Repeat the listing exactly. Do not carry over any pictures.

Information provided: Begin

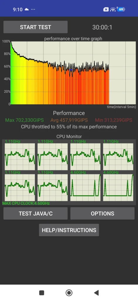 Nisem opazil, da bi se telefon kljub zmogljivemu procesorju kakorkoli pretirano grel, razen ob stresnem testu. Takrat je na vrhu in okoli izbokline z objektivi občutno oddajal toploto, a manj kot Xiaomi 17. Razlog ni le v tem, da je ta manjši, temveč očitno tudi v izboljšani učinkovitosti hlajenja oziroma prenosa toplote s procesorja na ohišje. To je razvidno iz grafa omejevanja hitrosti jeder, ki ni pretirano strm in brez globokih padcev v rdeče območje. Kljub temu so zmogljivosti po pol ure obremenitve padle na 55 odstotkov začetnih. Kar ni nič katastrofalnega, saj so tolikšne obremenitve v realni uporabi kratkotrajne.
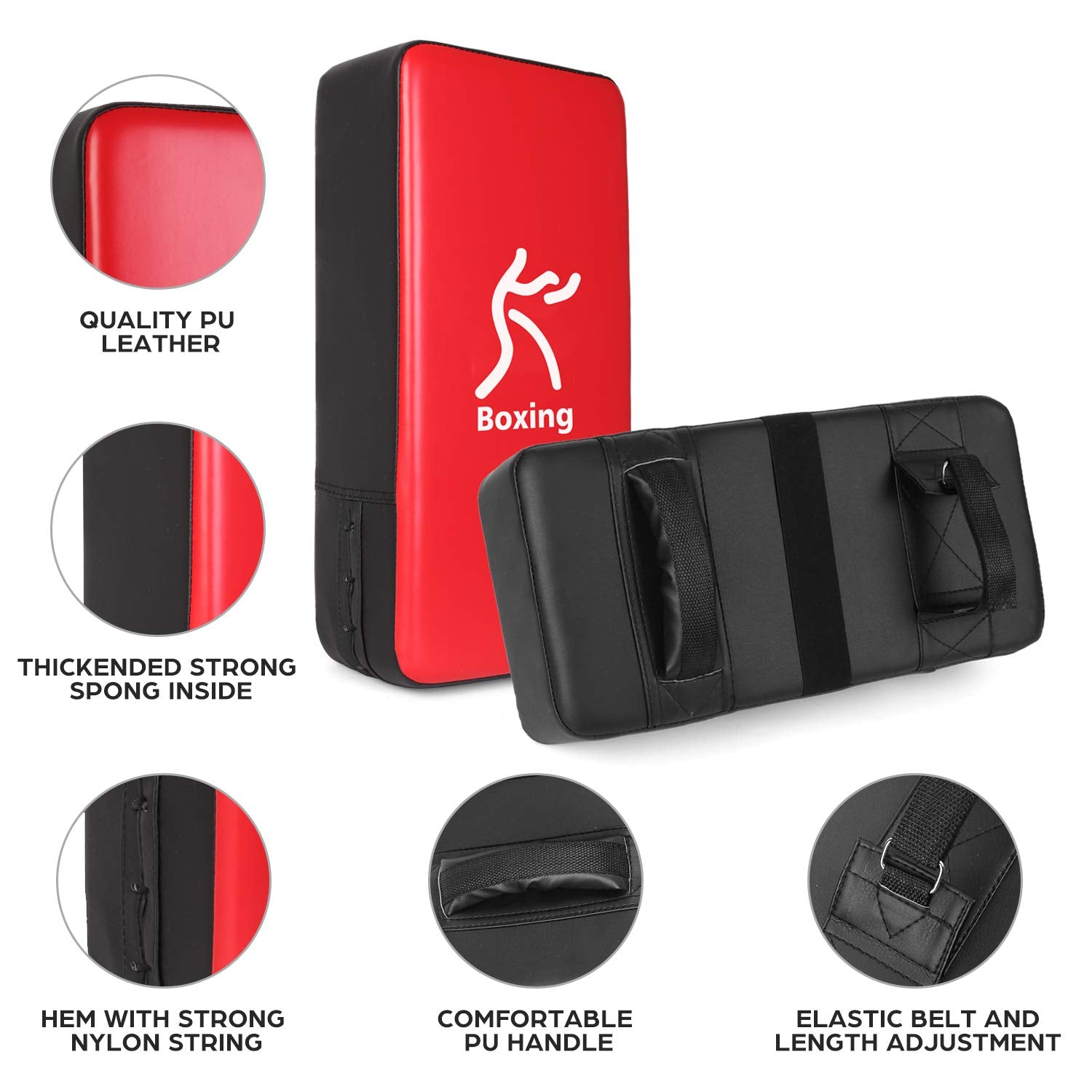 - All Ages Kicking Pad - 16'' x 8'' kick pad is big enough to securely cover your arm and ensures your safety. With PU leather and thick sponge, this kicking punching pad can withstand strong punches and kicks. Also, the adjustable armband fits all ages, ideal for family boxing workouts.
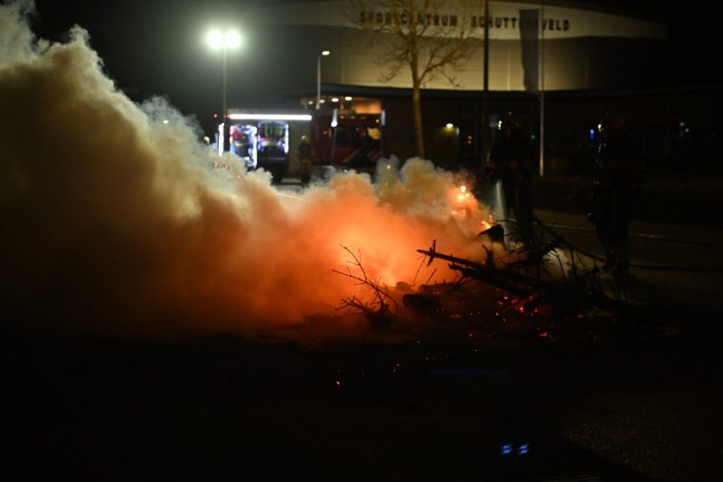 Rond 20:30 uur zijn de spuitgasten opnieuw uitgerukt, dit keer naar het terrein van sportcentrum Schuttersveld in Sneek. Vuil, kerstbomen en andere rotzooi is hier in brand gestoken. De brandweer heeft alles afgeblust.
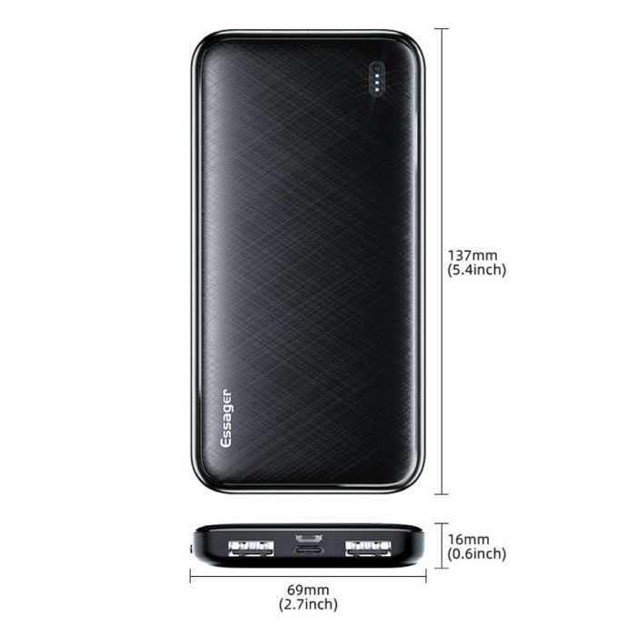Avec la banque d'alimentation Essager, vous évitez que la batterie de votre smartphone ne s'épuise et que vous ne soyez plus joignable à mi-journée. Utilisez la banque d'alimentation pendant le travail, en vacances ou lors de vos déplacements en transports en commun sans aucun problème. La banque d'alimentation est très compacte, facile à emporter partout avec vous.

Information provided: End

◆ Result of this exercise
 Nisem opazil, da bi se telefon kljub zmogljivemu procesorju kakorkoli pretirano grel, razen ob stresnem testu. Takrat je na vrhu in okoli izbokline z objektivi občutno oddajal toploto, a manj kot Xiaomi 17. Razlog ni le v tem, da je ta manjši, temveč očitno tudi v izboljšani učinkovitosti hlajenja oziroma prenosa toplote s procesorja na ohišje. To je razvidno iz grafa omejevanja hitrosti jeder, ki ni pretirano strm in brez globokih padcev v rdeče območje. Kljub temu so zmogljivosti po pol ure obremenitve padle na 55 odstotkov začetnih. Kar ni nič katastrofalnega, saj so tolikšne obremenitve v realni uporabi kratkotrajne.
 - All Ages Kicking Pad - 16'' x 8'' kick pad is big enough to securely cover your arm and ensures your safety. With PU leather and thick sponge, this kicking punching pad can withstand strong punches and kicks. Also, the adjustable armband fits all ages, ideal for family boxing workouts.
 Rond 20:30 uur zijn de spuitgasten opnieuw uitgerukt, dit keer naar het terrein van sportcentrum Schuttersveld in Sneek. Vuil, kerstbomen en andere rotzooi is hier in brand gestoken. De brandweer heeft alles afgeblust.
Avec la banque d'alimentation Essager, vous évitez que la batterie de votre smartphone ne s'épuise et que vous ne soyez plus joignable à mi-journée. Utilisez la banque d'alimentation pendant le travail, en vacances ou lors de vos déplacements en transports en commun sans aucun problème. La banque d'alimentation est très compacte, facile à emporter partout avec vous.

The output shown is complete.